Jour 10 : Écrivez une lettre à l’écrivant que vous êtes. Lola Lafon a un document (elle en a beaucoup en plus de son texte) dans lequel elle se parle à elle-même, où elle fait se rencontrer celle qui ne sait pas encore écrire et celle qui veut écrire. Écrire ce qui hante et de quoi ça parle, l’écrire frontalement.  Si ça vous semble bizarre, tout va bien. Si vous trouvez ça ridicule, vous allez être surpris. Cela permet de poser les choses en face de soi, de les extraire, et écrire les fait exister. Écrivez à l’écrivain que vous voulez être, posez lui des questions, dites lui clairement ce que vous voulez, oser avouer le pourquoi de votre écriture.

Jour 12 : Imaginez une conversation, un dialogue avec quelqu’un à qui vous devez expliquer ce que vous voulez écrire et qui ne comprend pas.
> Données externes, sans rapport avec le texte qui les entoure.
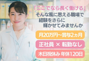 今の働き方、このままでいいのかな…と感じたら!調剤事務経験者歓迎◎安定して続けられる正社員へ!年間休日120日*賞与2か月
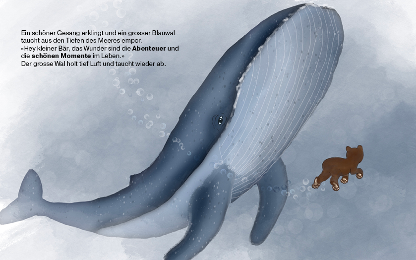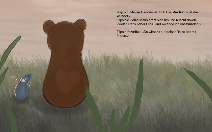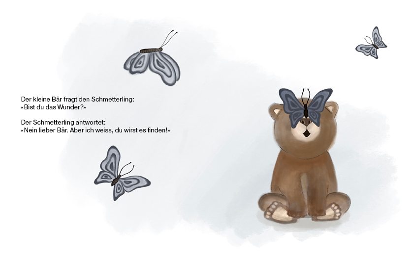 Für mich ist ein Kinderbuch nicht gleich ein Kinderbuch. Meistens hat es viel Sinn dahinter oder ist voll mit Lerneffekten für Kinder. Ich durfte auch schon für meine Maturarbeit ein Kinderbuch entwickeln, in welchem das Umstrittene Buch «Struwwelpeter» pädagogisch hinterfragt wurde und neu entworfen wurde. Diesesmal sollte das Kinderbuch einen tieferen Sinn ergeben. So entstand die Reise von einem kleinen Bären, welcher die Reise bis zur Geburt zeigt. Er sucht nach dem Wunder und bekommt viele Antworten welche auf den kleinen Bären schliessen lassen. Nachdem die Geschichte entstanden war, wurde skizziert, verworfen und gemalt. Ich habe mich entschieden mit Aquarell zu arbeiten, da die Wasserfarbe fein und verspielt wirkt.
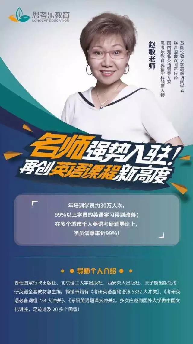 一个从西安走出去的女企业家,一个多次参与联合国会议同传的“翻译王”,一个曾担任国内多家出版社考研英语全套教材总主编的全国考研名师,一个从每小时3元家教费到如今身价10亿的企业高管,赵敏老师将结合自己在西安交通大学、西安电子科技大学、英国伦敦大学、Grant Leiguer、新东方教育集团、思考乐教育集团的个人奋斗学习和创业的丰富经历,与大家共同分享自我成长及创业的艰辛和快乐。
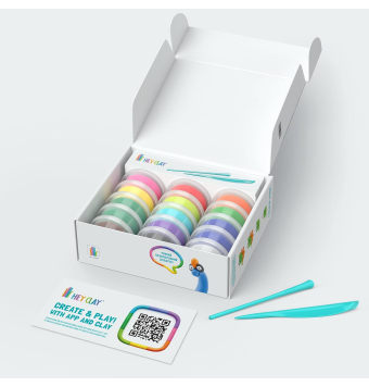 Incluye 15 botes de plastilina,2 herramientas para esculpir y código de acceso para la aplicación.
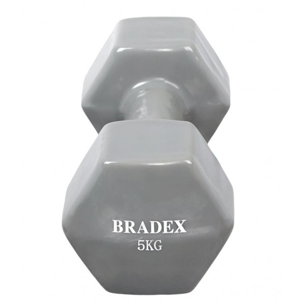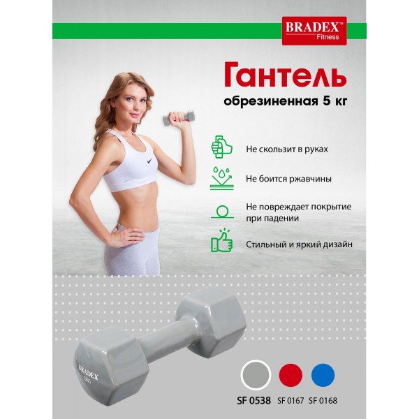 Гантель Bradex SF 0538 имеет резиновое покрытие, которое бережет руки от мозолей, а поверхность пола от следов ударов в случае падения. Вес 5 кг.
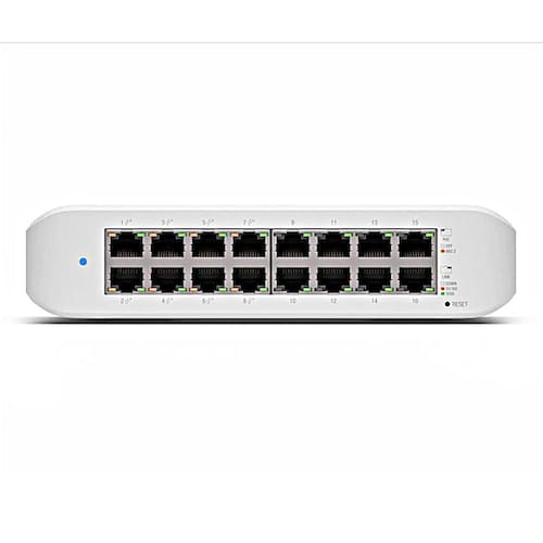 Switch PoE de Camada 2, com 16 portas, montável em parede (*) e silencioso sem ventoinha.Características:8 Portas RJ-45 de 1G com Suporte a PoE+8 Portas RJ-45 de 1GPotência Total PoE de 45WGerenciado pela Aplicação UniFi Network: Versão 7.2.94 ou Superior(*) Kit de Montagem Incluído.Funciona com a Aplicação UniFi NetworkGerencie suas redes através de uma única interfaceDesfrute de configurações intuitivas, além de controle e monitoramento robusto dos dispositivosFaça a atualização de firmware remotamenteGerencie de maneira fácil seus usuários e visitantesPersonalize o layout, arquitetura e privacidade dos hotspots de visitantesConfigure rapidamente e gerencie os dispositivos via app móvelEspecificaçõesMecânicaDimensões 191.7 x 185 x 43.7 mmPeso 1.2 kgHardwareTaxa Total de Transmissão Non-Blocking 16 GbpsConsumo Máximo de Energia 15WMétodo de Alimentação Entrada AC Universal: 100-240VACFonte de Alimentação Fonte Interna AC/DC 60WInterfaces de Rede (16) RJ-45 Ethernet de 10/100/1000 MbpsInterfaces PoE (8) PoE+ IEEE PoE/PoE+ (Pinos 1, 2+; 3, 6-)Interface de Gerência Ethernet In-BandPotencia Máxima PoE+ por Porta 30WModos Switch Gigabit Ethernet de Camada 2Temperatura de Operação -15 a 40° CUmidade de Operação 10 - 90% Sem CondensaçãoCertificações Anatel, CE, FCC, ICLEDSistemas (1) Energia, Azul/BrancoPiscando Branco: Boot em ProgressoPiscando Azul: Atualização de FirmwareFixo Branco: Padrão de Fábrica, Aguardando AdoçãoFixo Azul: Dispositivo AdotadoEthernet Verde: 1G ; Âmbar: 10/100 MbpsPoE Âmbar: IEEE PoE/PoE+
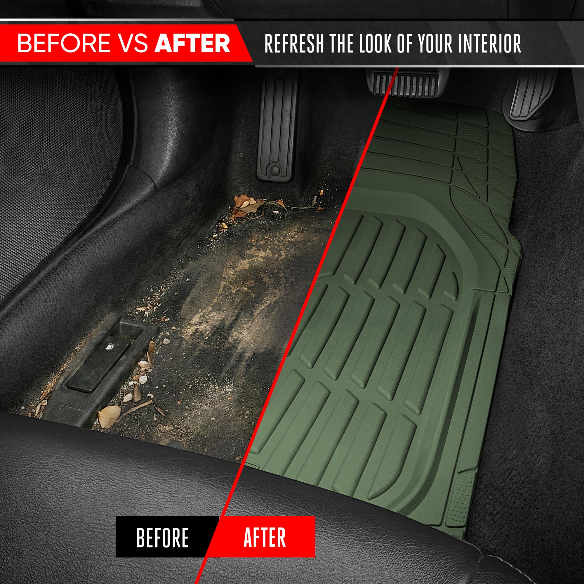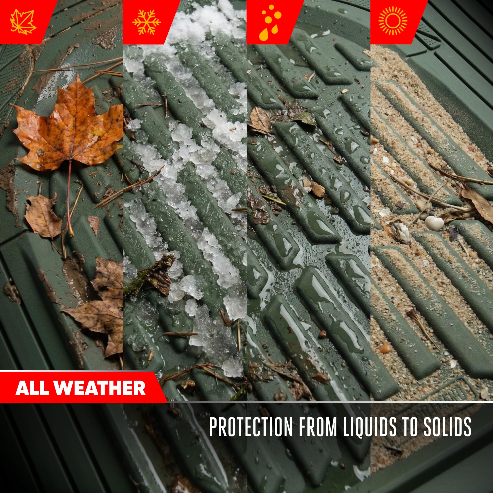 ALL-WEATHER – These car accessories for women and men protect against mud, snow, rain, road salt, spills, and debris. The rubber floor mats are truck accessories for any climate for all seasons.
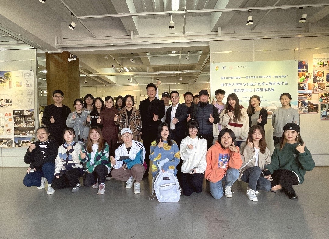 11月8日,努努影院 环境设计系“行走的课堂”建筑空间设计课程展在努努影院 展览厅开展。学院党委书记叶正飞、副书记杨丽君、副院长胡文超到现场观展,并与环境设计系黄玫玮、郑敬玉、潘怡、邓诗雨等指导教师与同学们互动交流。 环境设计系系主任黄玫玮老师介绍,环境设计系致力打造“行走的课堂”课程思政专业特色。本次建筑空间设计课程,通过“以赛促学”“课程+实践”结合的教学方式,深入乡村将课堂与省大学生乡村振兴大赛相结合,与美丽乡村实际项目相结合,在实践训练中提高学生专业素养能力的同时,致力于未来乡村建设,提升学生发挥专业所长服务乡村振兴、服务地方的意识,提升大学生社会责任感。 观看各项目组设计方案和施工现场的项目落地视频后,各课程小组项目负责人介绍了团队组合、设计理念及竞赛项目情况等,两个月的反复设计、多次的基地考察、两个多月的每天早出晚归在施工现场抡起袖子自己干,历时近半年之久……期间的困难和最后的成就感更是让同学们不由自主再次湿了眼眶。期间项目负责人书瑞同学表示,作为一名中共党员,初心就是能为自己的家乡做些什么,在学生时代能有一个这样的机会,对她和同学们来说,是一次难得的机会,也是淬炼专业服务社会一次难得的锻炼,当前学院持续推进服务地方乡村振兴行动,作为党员我们定将身体力行,作好表率。交流期间学院领导频频点赞,给予高度评价。 据悉,本次浙江省大学生乡村振兴大赛专项赛,在泰顺和苍南未来乡村的专项赛道,努努影院 学子荣获2个一等奖和2个二等奖,取得历史突破。 本次展览时间2021年11月5日至11月15日,参展班级:18环境设计本1、19环境设计1班、19环境设计2班。 服务乡村振兴,温大学子在路上!
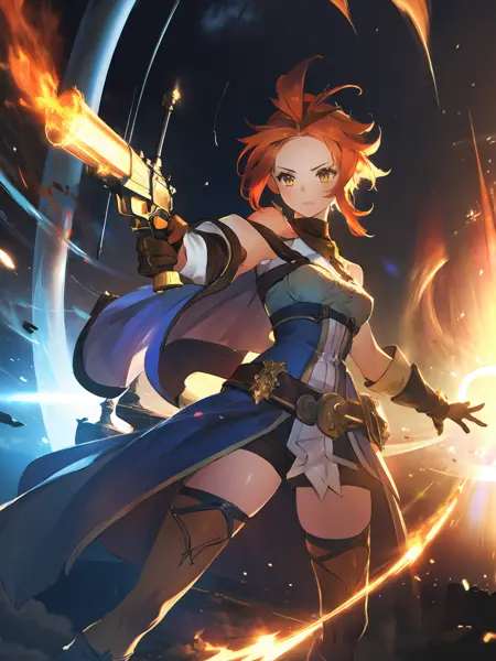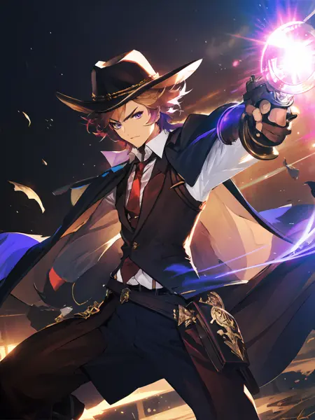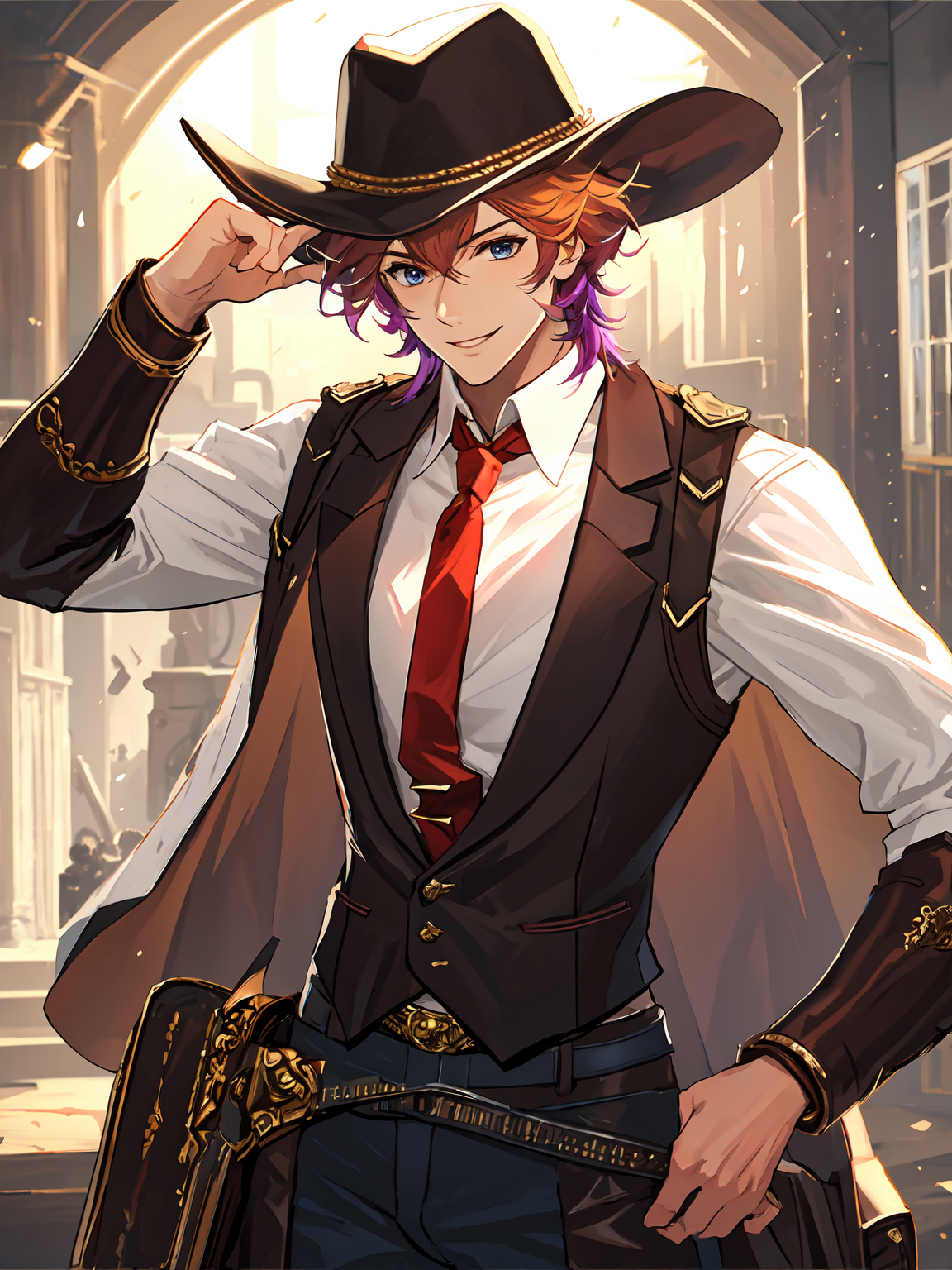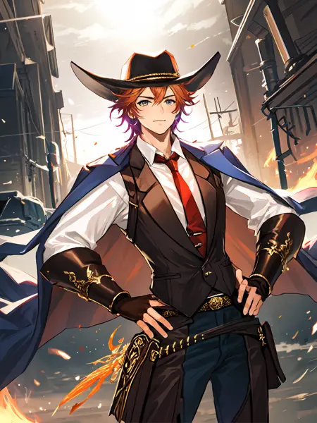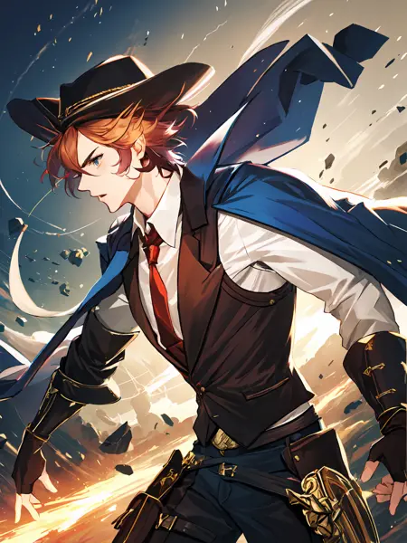 Maiser : Maiser ; Orange hair,gradient hair(multicolored hair),messy hair,blue eyes ; Vests,white shirt,(red)necktie,hat,jacket(cape),belt,sheath,leather pants,fingerless gloves,(gauntlets);
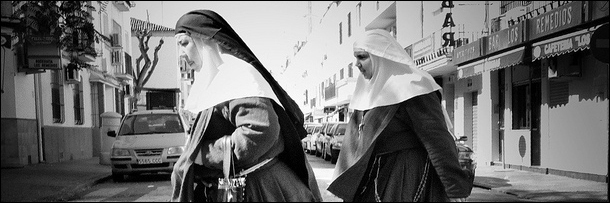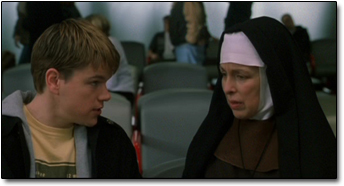 ... you instantly recognize them as Catholic nuns, because everyone knows that's how they all dress. Catholic churches themselves are just as easy to spot in movies: They will inevitably be dark, with stained glass, flickering votive candles and spooky Latin chanting coming from nowhere in particular -- like this one in The Boondock Saints:
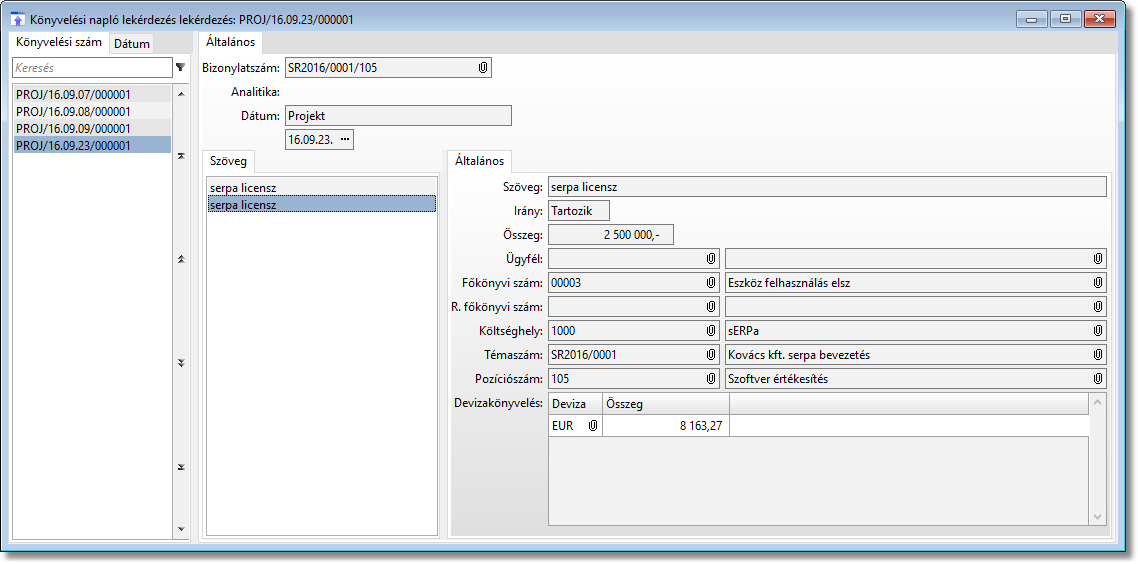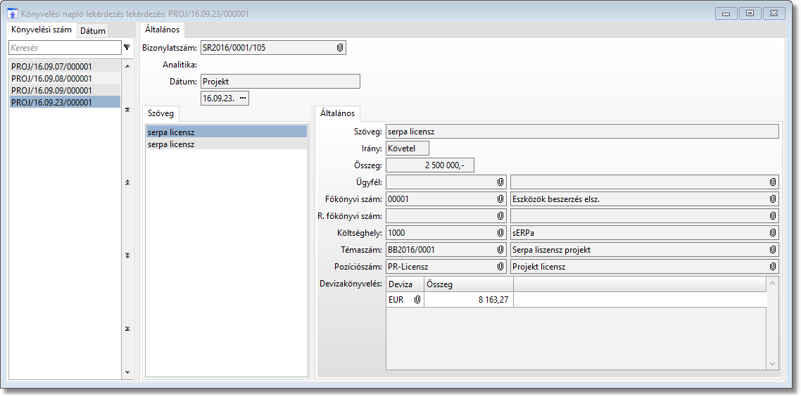 A teljesítés mentésével egyidőben a főkönyvben is megjelennek az előre beállított főkönyvi számon a feladott feladat tételek.
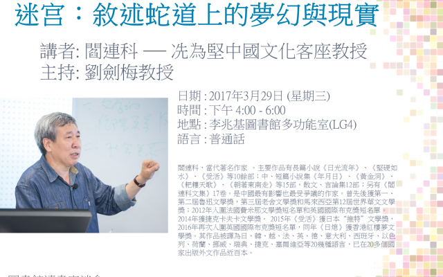座談會簡介如同文學上的“荒誕”是為了卡夫卡而存在,“迷宮”在文學上是為博爾赫斯而生成。那麼,他的小說真的是迷亂無跡的迷宮,還是有跡可尋的文學新徑?走進去,每個人都可以發現一種新美和屬於自己的新世界。這次座談會由香港科技大學人文社會科學學院人文學部,香港科技大學賽馬會高等研究院及香港科技大學圖書館聯合舉辦。名額有限,請報名留座。 講者簡介閻連科,1958年出生於中國河南省嵩縣,1978年應徵入伍,1985年畢業於河南大學政教系、1991年畢業於解放軍藝術學院文學系。 1979年開始寫作,主要作品有長篇小說《日光流年》、《堅硬如水》、《受活》、《為人民服務》、《丁莊夢》、《風雅頌》、《四書》、《炸裂志》 、《日熄》等10餘部;中、短篇小說集《年月日》、《黃金洞》、《耙耬天歌》、《朝著東南走》等15部,散文、言論集12部;另有《閻連科文集》17卷。是中國最有影響也最受爭議的作家。曾先後獲第一、第二屆魯迅文學獎,第三屆老舍文學獎和馬來西亞第12屆世界華文文學獎;2012年入圍法國費米那文學獎短名單和英國國際布克獎短名單。 2014年獲捷克卡夫卡文學獎。 2015年《受活》獲日本“推特”文學獎,2016年再次入圍英國國際布克獎短名單,同年《日熄》獲香港紅樓夢文學獎。其作品被譯為日、韓、越、法、英、德、意大利、西班牙、以色列、荷蘭、挪威、瑞典、捷克、塞爾維亞等20幾種語言,已在20多個國家出版外文作品近百本。 2004年退出軍界,現供職於中國人民大學文學院,為教授、作家和香港科技大學冼為堅中國文化客座講授。 About the TalkIn this talk, Prof. Yan will share his passion for literature and give us a glimpse into the alluring world of his journeys in writing.This talk is co-organized by the Division of Humanities, School of Humanities & Social Science, the HKUST Jockey Club Institute for Advanced Study, and the HKUST Lee Shau Kee Library. About the SpeakerYan Lianke was born in a small village of Song County, Henan province in 1958. In 1978 he joined the People’s Liberation Army (PLA), in 1985 he graduated from Henan University majoring in Political Education, and in 1991 he received a degree from the Literature Department of the PLA Academy of Art. He began his writing career in 1979, and his novels include The Passing of Time, As Hard as Water, Lenin’s Kisses, Serve the People!, Dream of Ding Village, Odes and Hymns, The Four Books, and The Day the Sun Died. As one of contemporary China’s most controversial and influential authors, he has received more than twenty distinguished national and international literature prizes, including the First and Second Lu Xun Literature Prize, the Third Lao She Literature Prize, and the Hua Zhong World Chinese Literature Award. He was a finalist for the Prince of Asturias Literature Prize and the Prix Femina Literature Prize, and was shortlisted for the Man Booker International Prize in both 2013 and 2016. In 2014 he was awarded with the Franz Kafka Literature Prize, and in 2016 his novel The Day the Sun Died won the Dream of the Red Chamber Literary Prize from Hong Kong. His works have been translated into more than twenty languages, including Japanese, Korean, Vietnamese, French, English, German, Italian, Dutch, Hebrew, Spanish, and Serbian. Many of these translations have attracted attention and critical acclaim for the novels in their respective literary markets. There has been considerable dispute over his writing in China, but he has stood as a writer with deep conscience and great passion. In 2004, he quit the Chinese People’s Liberation Army. He is currently a professor at Renmin University in Beijing, and Sin Wai Kin Visiting Professor of Chinese Culture at Hong Kong University of Science and Technology.
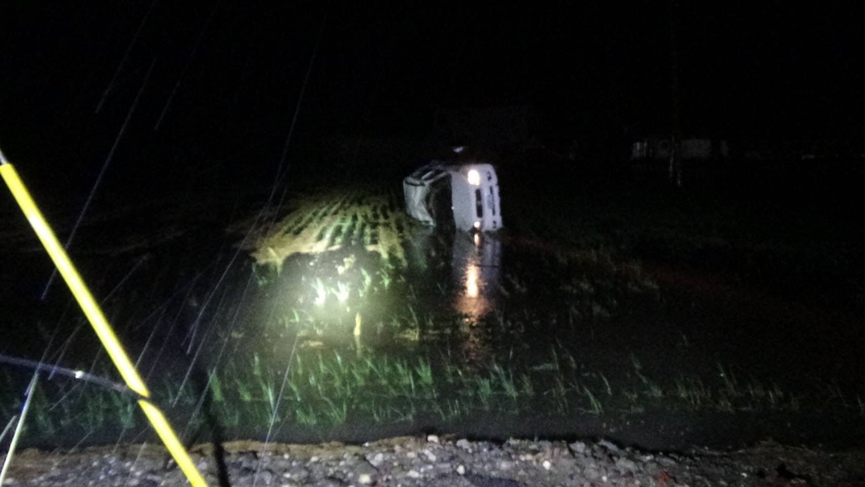 颱風夜嘉義縣布袋鎮自小客車翻落稻田中。翻攝畫面
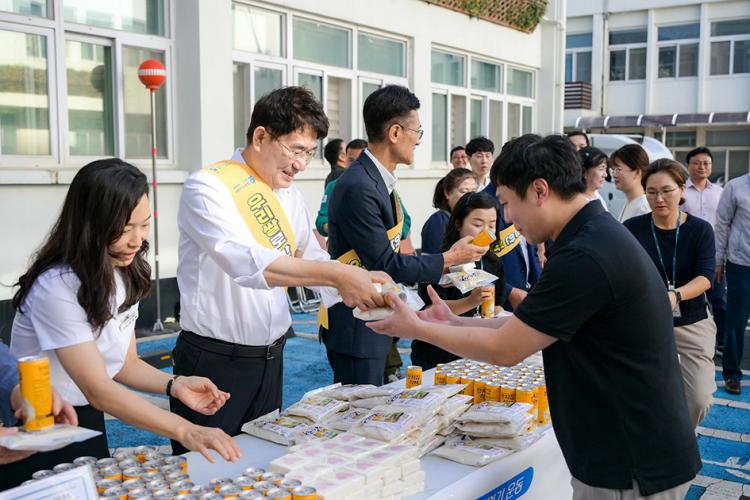 À̳¯ Ä·ÆäÀÎÀº ¿ÀÀü 08½ÃºÎÅÍ ¼øÃµ½Ãû ÈĹ® ±¤Àå¿¡¼ ÁøÇàµÇ¾úÀ¸¸ç, ¼øÃµ½ÃÀå, ³óÇùÁß¾Óȸ ¼øÃµ½ÃÁöºÎÀå, ±×¸®°í °ü³» 4°³ ³óÇùÀå µî 50¿©¸íÀÇ °ü°èÀÚ°¡ Âü¼®ÇÑ °¡¿îµ¥, ¼øÃµ½Ãû Á÷¿øµé¿¡°Ô ¼øÃµ½Ò·Î ±¸¼ºµÈ ¾ÆÄ§¹ä ¼¼Æ® 400°³¸¦ ¹èºÎÇϰí, ½Ò ¼Òºñ ÃËÁø ¹× ÀÇ´ë À¯Ä¡¸¦ À§ÇÑ ÆÛÆ÷¸Õ½ºµµ ÇÔ²² ÁøÇàÇß´Ù.

Il s’agit bien d’une conversation donc d’un langage parlé, oral (vous allez ainsi pouvoir découvrir la difficulté du dialogue, mais peu importe la forme, c’est le contenu). Le but de cet exercice est de tenter de mettre en mot ce que vous voulez raconter, d’imaginer la contradiction, la conversation qui oblige à affirmer et préciser.